START Data for this task

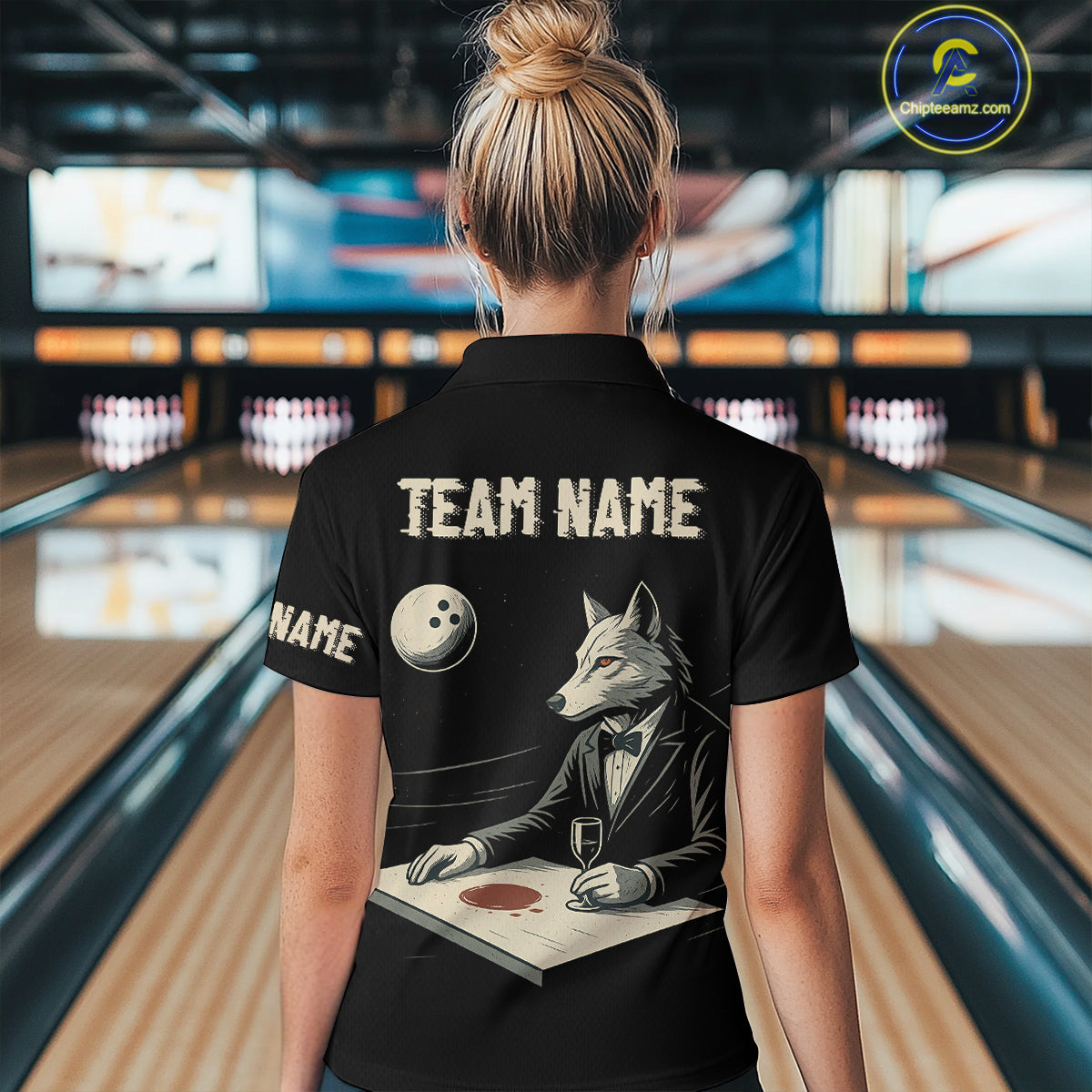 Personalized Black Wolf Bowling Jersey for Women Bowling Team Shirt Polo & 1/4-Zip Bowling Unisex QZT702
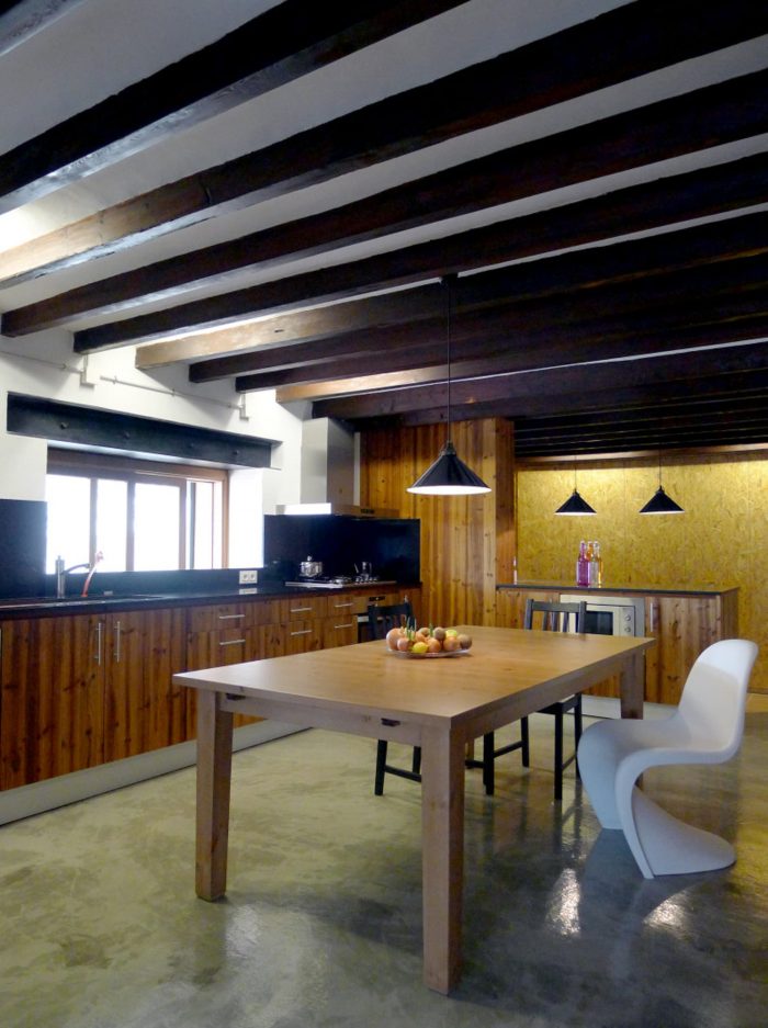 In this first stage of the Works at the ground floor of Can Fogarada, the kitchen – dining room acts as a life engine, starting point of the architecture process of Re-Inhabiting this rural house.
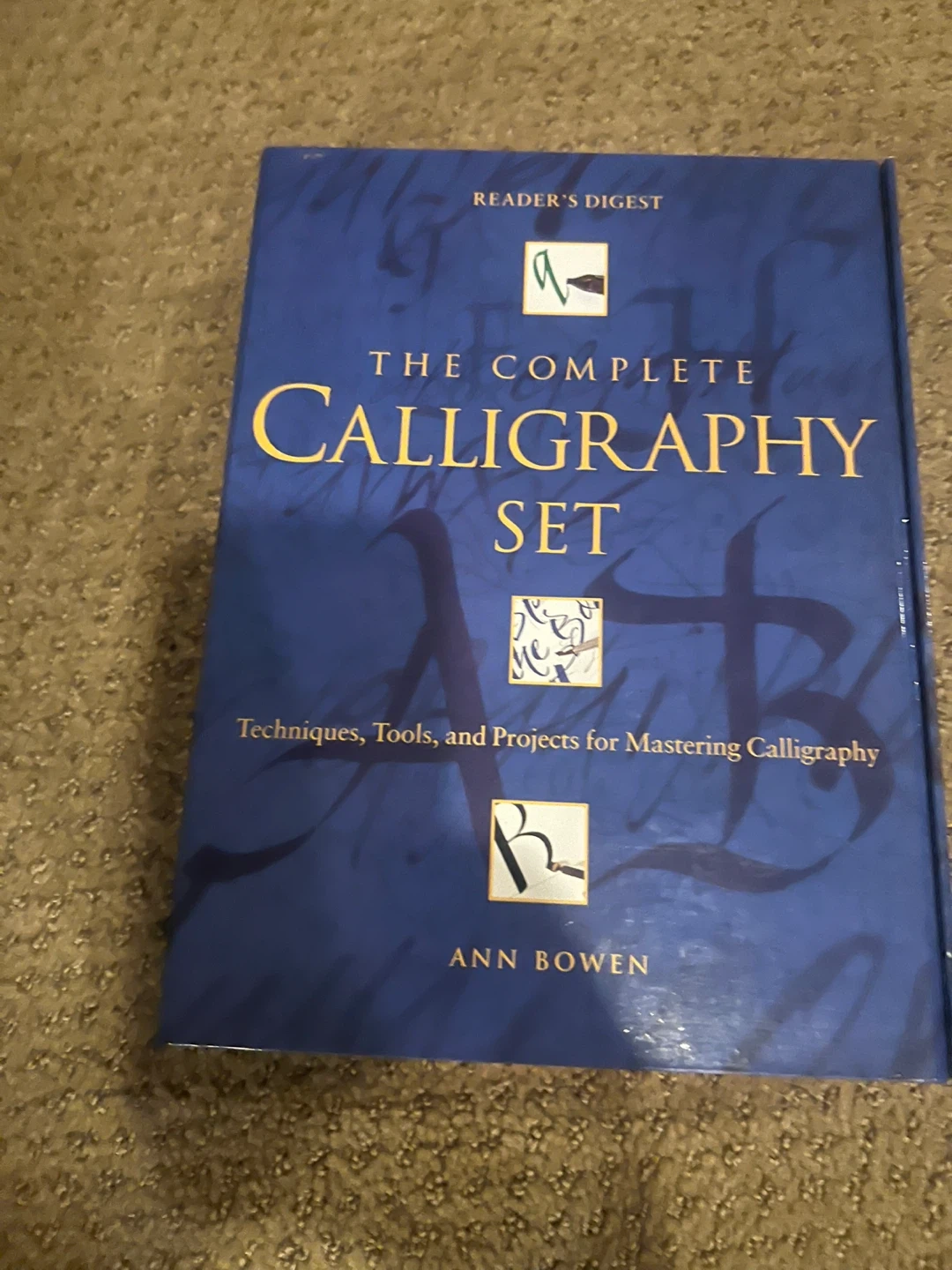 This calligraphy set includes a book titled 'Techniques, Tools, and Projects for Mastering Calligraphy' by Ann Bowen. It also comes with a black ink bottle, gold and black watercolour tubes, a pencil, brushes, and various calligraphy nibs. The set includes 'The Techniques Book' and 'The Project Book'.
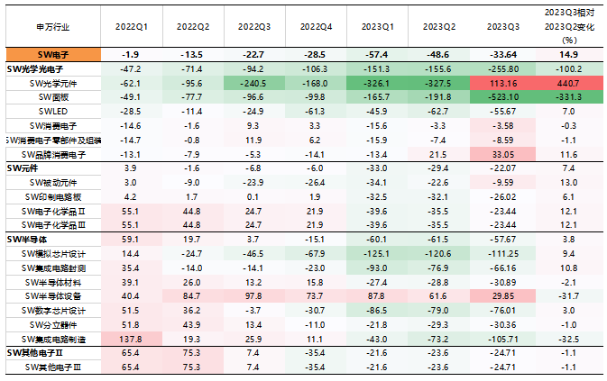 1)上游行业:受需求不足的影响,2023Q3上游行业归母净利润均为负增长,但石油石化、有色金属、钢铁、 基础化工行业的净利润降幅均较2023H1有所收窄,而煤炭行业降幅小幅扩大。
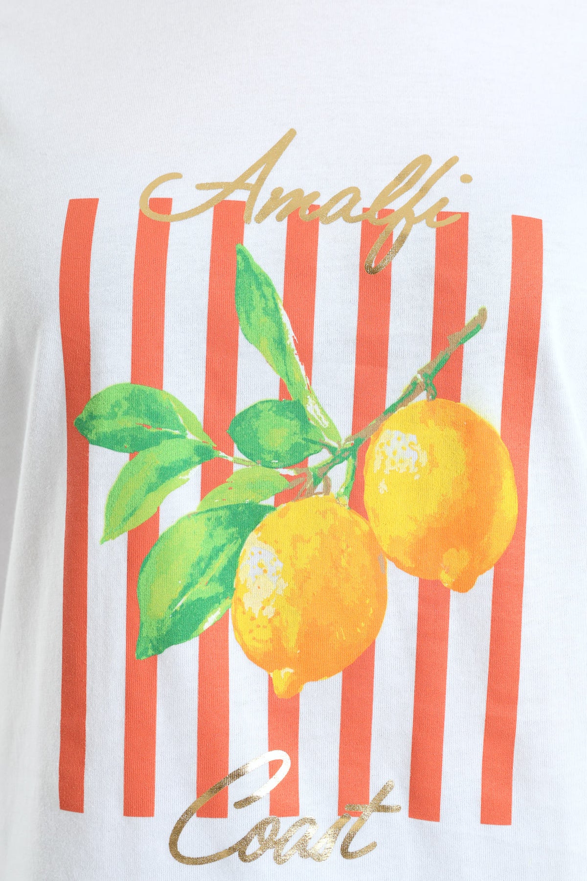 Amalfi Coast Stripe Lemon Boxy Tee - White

END Data for this task

» **Exercise**:
Please copy only the lines from the one that contains "This calligraphy set" through the last line of the records, exactly, and keep every picture out of the copy.

» **Exercise output**:
 This calligraphy set includes a book titled 'Techniques, Tools, and Projects for Mastering Calligraphy' by Ann Bowen. It also comes with a black ink bottle, gold and black watercolour tubes, a pencil, brushes, and various calligraphy nibs. The set includes 'The Techniques Book' and 'The Project Book'.
 1)上游行业:受需求不足的影响,2023Q3上游行业归母净利润均为负增长,但石油石化、有色金属、钢铁、 基础化工行业的净利润降幅均较2023H1有所收窄,而煤炭行业降幅小幅扩大。
 Amalfi Coast Stripe Lemon Boxy Tee - White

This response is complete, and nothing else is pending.